- SpySheriff interface featuring the original black hat logo

Malware details
- Technical name: SpySheriff Variant Adware.SpySheriff (Symantec); Rogue:W32/SpySheriff(F-Secure); Adware/SpySheriff.[Letter](Fortiguard); Adware-SpySheriff(McAfee); ADW_SPYSHERIFF.[Letter] (Trend Micro); DOWNLOADER_SPYSHERIFF (Trend Micro); FREELOADER_SPYSHERIFF (Trend Micro); ; BraveSentry Variant Rogue:W32/BraveSentry (F-Secure); VBS_SENTRY.[Letter] (Trend Micro); ADW_BRAVESEN.[Letter] (Trend Micro); ; Pest Trap Variant ADW_PESTTRAP.[Letter] (Trend Micro); ;
- Aliases: SpyDawn Variant FraudTool.Win32.SpyHeal.a (Sophos); ; Alpha Cleaner Variant Program:Win32/AlfaCleaner (Microsoft); ; SpyBouncer Variant Trojan:Win32/Spybouncer (Microsoft); ;
- Type: Malware
- Subtype: Rogue Software
- Author: Innovagest 2000

Technical details
- Platform: Windows
- Discontinued: 2008

= SpySheriff =

Pretend anti-spyware malware

SpySheriff (Note: Also known by around thirty other names, including BraveSentry, Pest Trap, SpyTrooper, Adware Sheriff, SpywareNo, SpyLocked, SpywareQuake, SpyDawn, AntiVirGear, SpyDemolisher, System Security, SpywareStrike, SpyShredder, Alpha Cleaner, SpyMarshal, Adware Alert, Malware Stopper, Mr. Antispy, Spycrush, SpyAxe, MalwareAlarm, VirusBurst, VirusBursters, DIARemover, AntiVirus Gold, Antivirus Golden, SpyFalcon, and TheSpyBot/SpywareBot. The name SpywareBot is used to confuse them with the legitimate SpyBot anti-spyware software.) (also known as BraveSentry 2.0, among other names) was malware that disguised itself as anti-spyware software created by Innovative Marketing Inc. or under alternate name Innovagest 2000. It attempted to mislead the user with false security alerts, threatening them into buying the program. Like other rogue antiviruses, after producing a list of false threats, it prompted the user to pay to remove them. The software was particularly difficult to remove, since it nested its components in System Restore folders, and also blocked some system management tools.

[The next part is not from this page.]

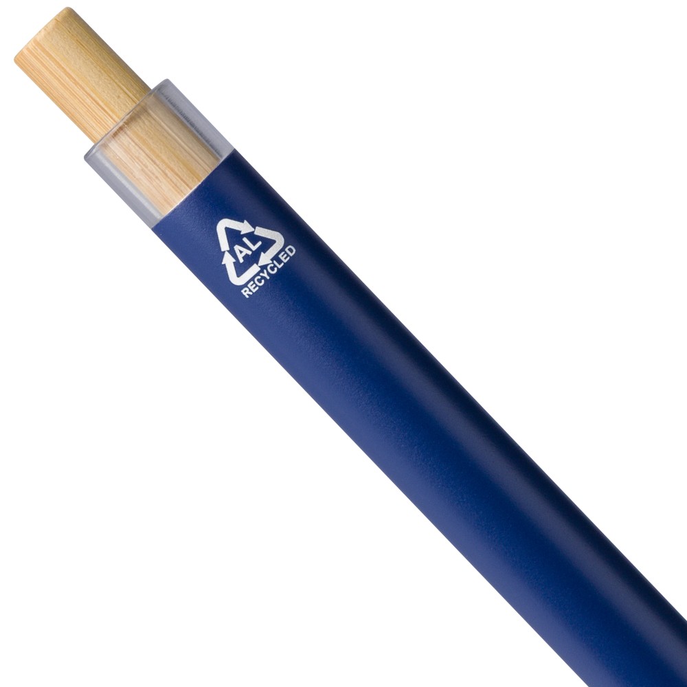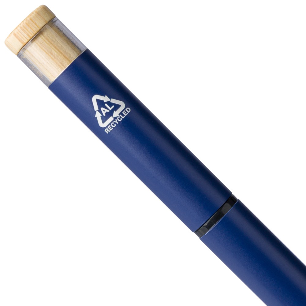 Újrahasznosított alumíniumból készült, lakkozott tollszett golyóstollal és rollerball tollal. A golyóstoll bambusz nyomógombbal, rPET díszítéssel és fém klippel rendelkezik, míg a rollerball toll bambusz/rPET kupakdíszítéssel és hozzá illeszkedő klippel. A tolltesten gravírozott recycled (újrahasznosított) alapanyagra utaló logó található mindkét toll esetében. A golyóstoll kb. 700 méter, a roller toll kb. 500 méter íráskapacitású, mindkettő kék színű tollbetéttel. Színes, újrahasznosított kartonból készült ajándékdobozba csomagolva.

However, SpySheriff could be removed by an experienced user, antivirus software, or by using a rescue disk.

==Websites==
SpySheriff was hosted at both www.spysheriff.com and www.spy-sheriff.com, which operated from 2005 until their shutdown in 2008. Both domains are now parked. Several other similarly named websites also hosted the program but have all been shut down.

==Features of a SpySheriff infection==

- SpySheriff was designed to behave like genuine anti-spyware software. Its user interface featured a progress bar and counted allegedly found threats, but its scan results were deliberately false, with cryptic names such as "Trojan VX …" to mislead and scare the user.
- Removal attempts in some cases were unsuccessful because SpySheriff could reinstall itself.
- The desktop background sometimes was replaced with an image resembling a Blue Screen of Death, or a notice reading, "SPYWARE INFECTION! Your system is infected with spyware. Windows recommends that you use a spyware removal tool to prevent loss of data. Using this PC before having it cleaned of spyware threats is highly discouraged."
- Attempts to remove SpySheriff via Add or Remove Programs in Control Panel either failed or caused the computer to restart unexpectedly.
- Attempts to connect to the Internet in any Web browser was blocked by SpySheriff. Spy-Sheriff.com became the only accessible website, and could be opened through the program's control panel.
- Attempts to remove SpySheriff via System Restore were blocked as it prevents the calendar and restore points from loading. Users could overcome this by undoing the previous restore operation, after which the system will restore itself, allowing for easier removal of SpySheriff.
- SpySheriff could detect certain antispyware and antivirus programs running on the machine, and disable them by ending their processes as soon as it detected them. This prevented its detection and removal by legitimate antivirus programs.
- SpySheriff could disable Task Manager and Registry Editor, preventing the user from ending its active process or removing its registry entries from Windows. By renaming the 'regedit' and 'taskmgr' executables users could solve this problem.